Und außerdem ist sie auch schön anzusehen.
Nicht, dass ich sie deswegen hierher geschleift hätte.
Sie beäugt nochmal die blutigen Handtücher. „Ich glaube nicht, dass eine Bluttransfusion nötig ist.“
„Fall doch, kannst du mein Blut nehmen“, sage ich rasch. Ich weiß noch, wie sie als Kinder unsere Blutgruppen festgestellt hatten und wir Tacones alle dieselbe hatten – Null positiv.
„Oder meines“, spricht Paolo. Er ist beinahe genauso bleich wie Gio.

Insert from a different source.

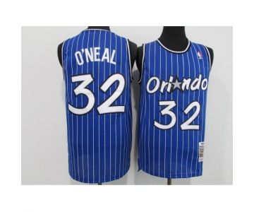 Men's Orlando Magic #32 Shaquille O'Neal Blue Mitchell & Ness Black Retired Player Jersey

„Das wäre alles?“, frage ich.
„Im Kofferraum meines Wagens ist ein Erste-Hilfe-Kasten. Den hätte ich auch gerne.“
„Bring ihren Wagen an einen sicheren Ort“, weise ich Paolo an.
„Bin schon dabei“, murmelt Paolo und bricht auf.
Ich habe keine Ahnung, wo er den ganzen Scheiß für sie auftreiben soll, aber ich bin sicher, dass er es irgendwie hinkriegt; genau, wie er irgendwie herausbekommen hat, wie er Desiree finden und herbringen soll. Es geht hier immerhin um das Leben unseres Bruders.